╭─ Data below
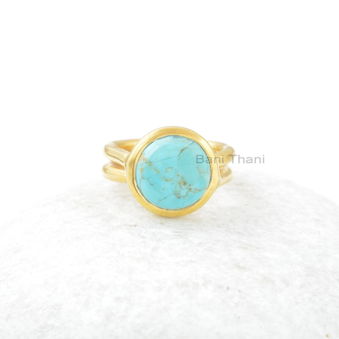 Arizona Turquoise Gemstone Ring - 12mm Round Ring - Gold Plated Ring - Solid Silver Ring - Anniversary Gift - Rings for Women - Promise Ring
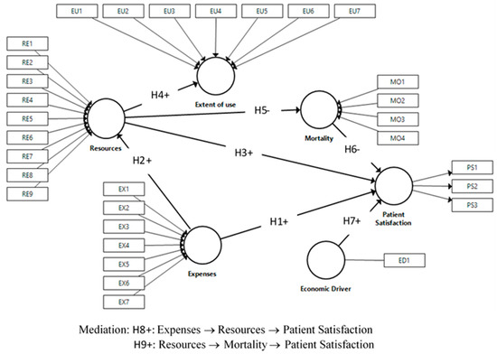 Research model and hypotheses. PS: Patient Satisfaction, EX: Expenses, RE: Resources, EU: Extent of use; MO: Mortality, ED: Economic driver.
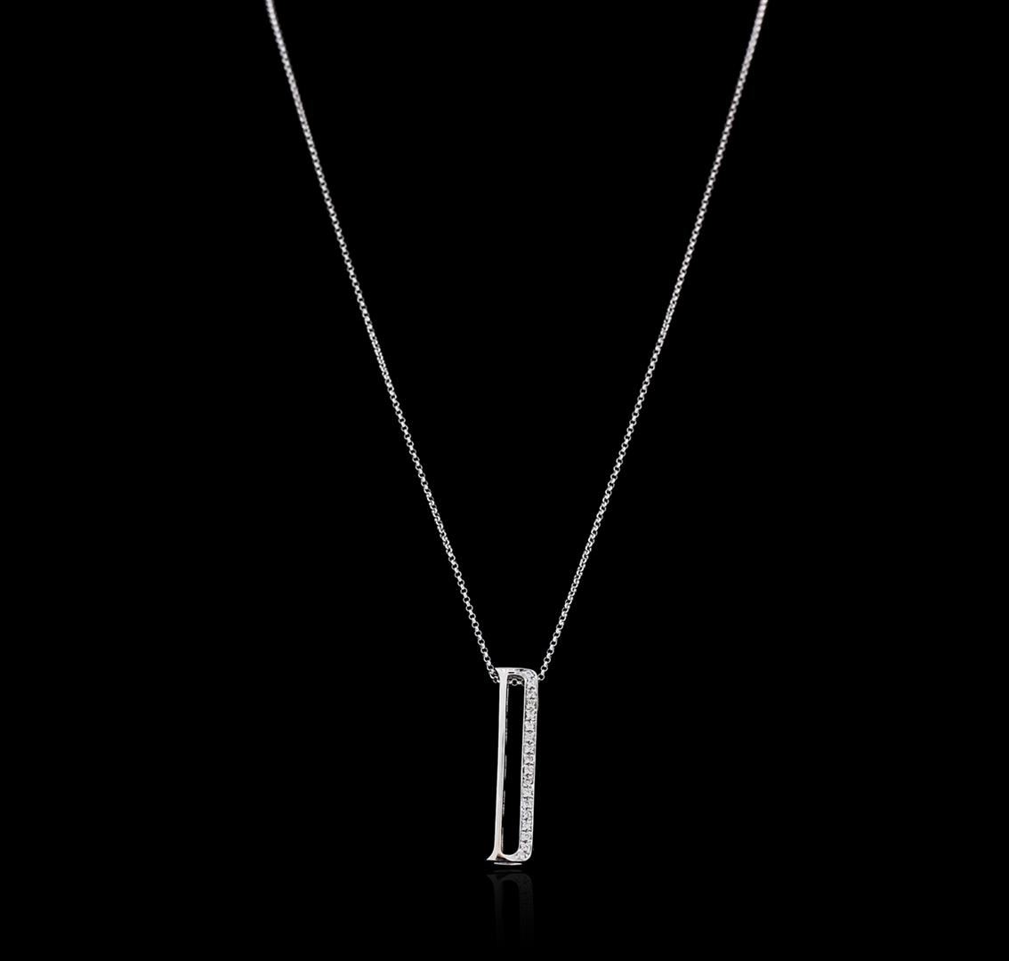 One pendant with chain resembling the letter D featuring: 14KT white gold weighing 4.30 grams containing diamonds with a total weight of 0.16ct.
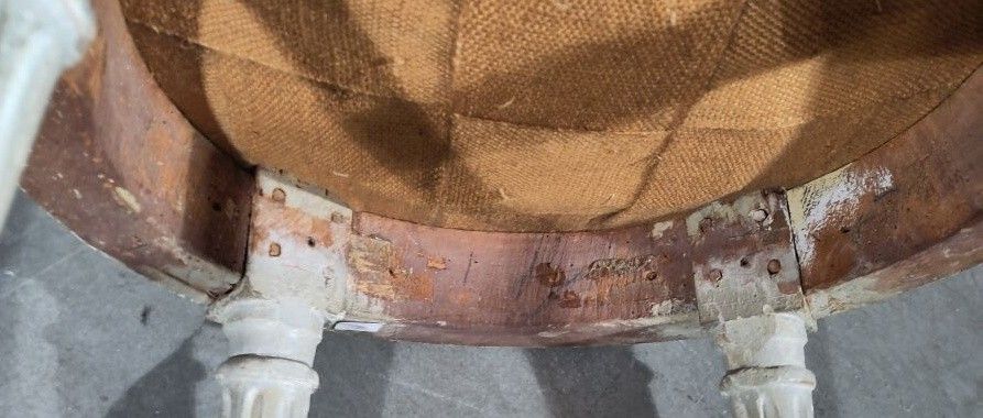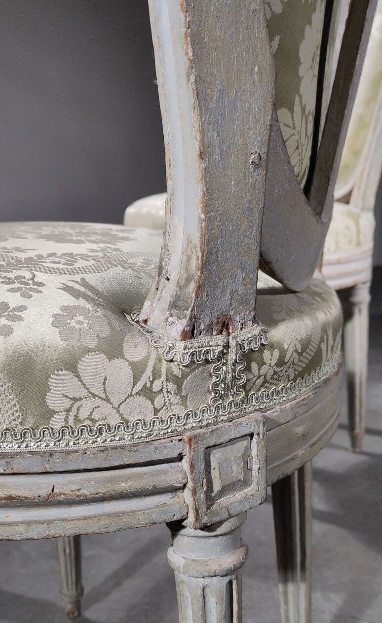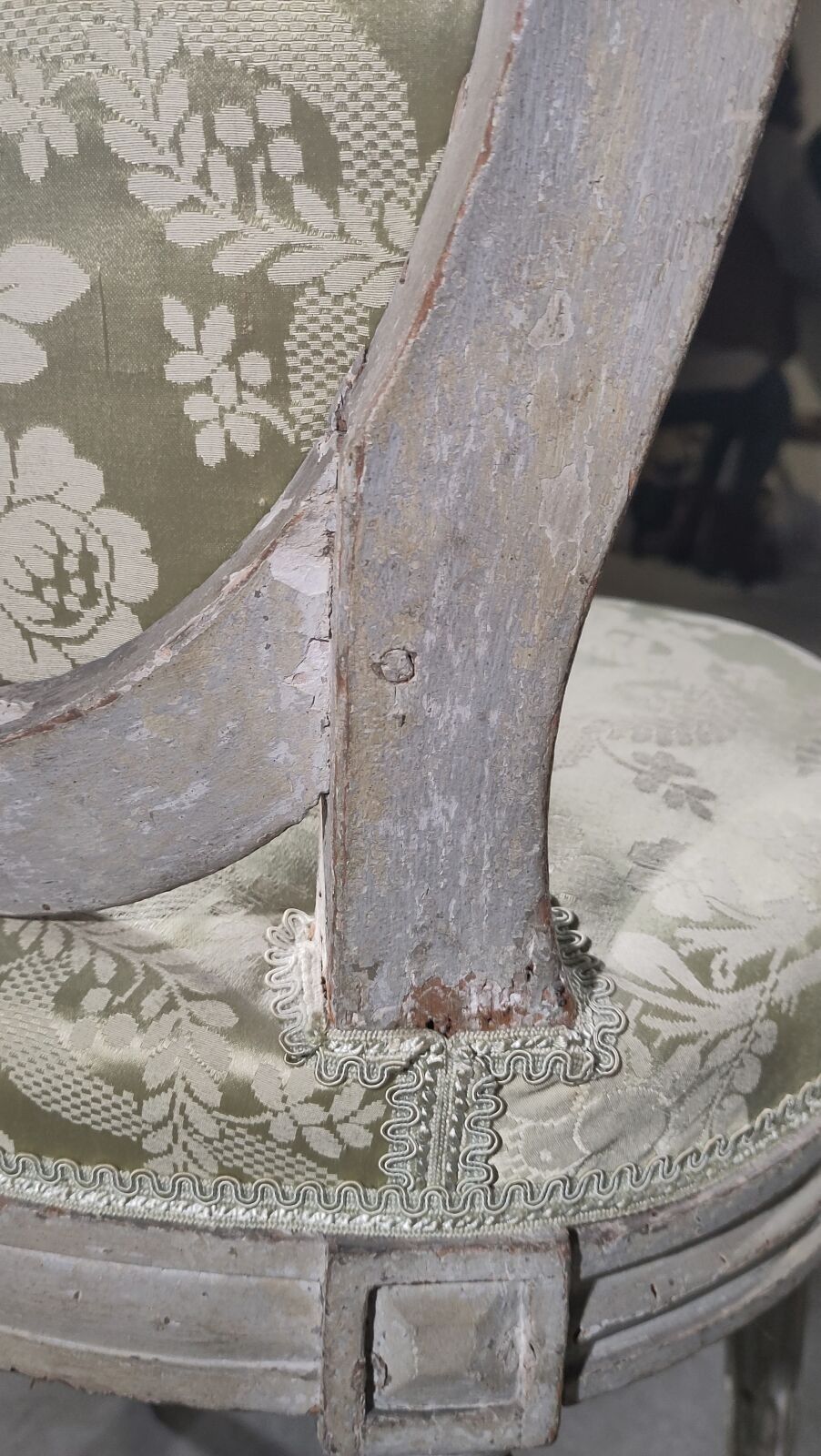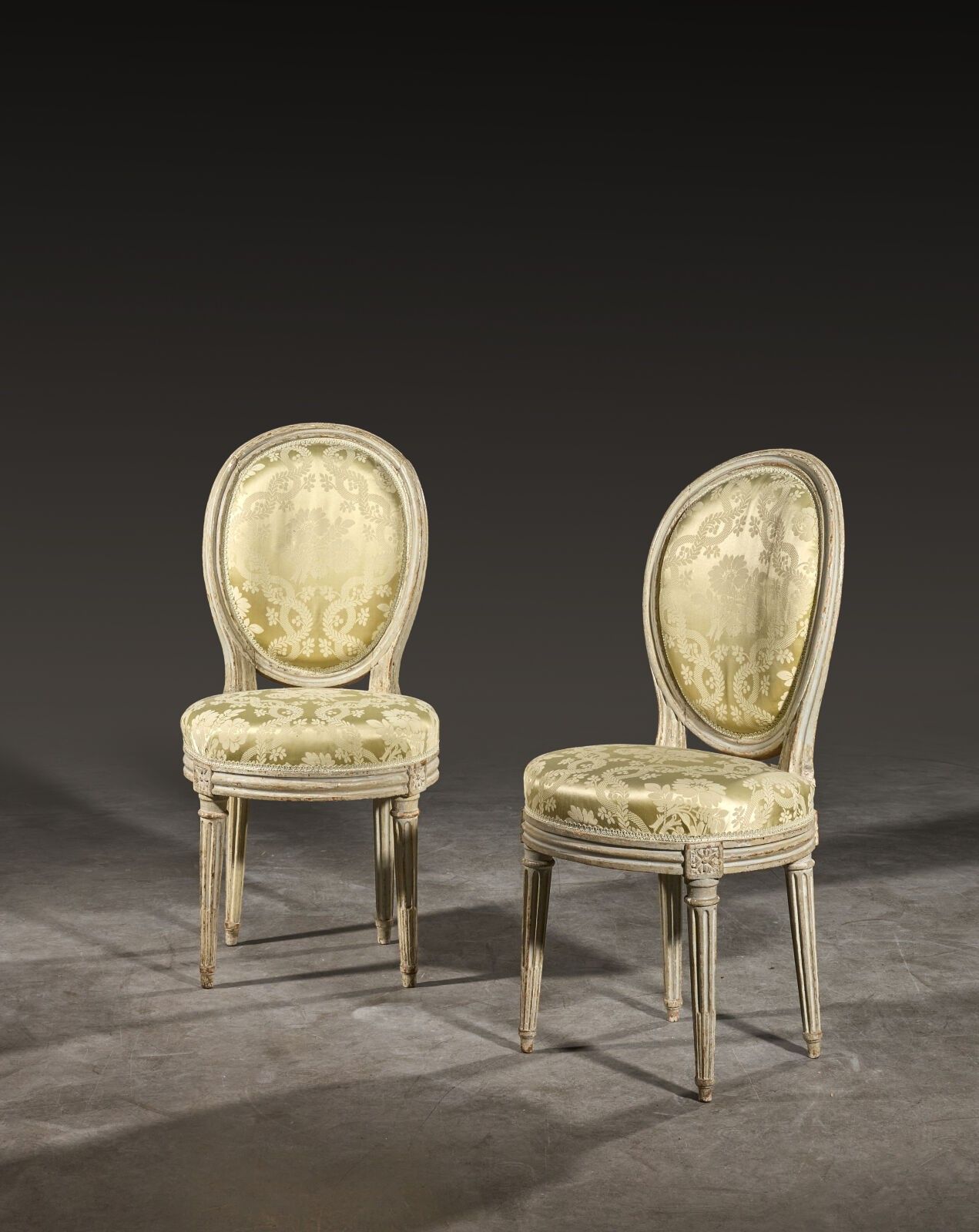 Pair of small chairs with medallion backs and circular seats, resting on tapered fluted legs; (accidents).
╰─
### Exercise goal
Your task is to repeat exactly the lines from the one containing "One pendant with" through the end of the material, both included, and only those, without pictures.

### Exercise solution
 One pendant with chain resembling the letter D featuring: 14KT white gold weighing 4.30 grams containing diamonds with a total weight of 0.16ct.
 Pair of small chairs with medallion backs and circular seats, resting on tapered fluted legs; (accidents).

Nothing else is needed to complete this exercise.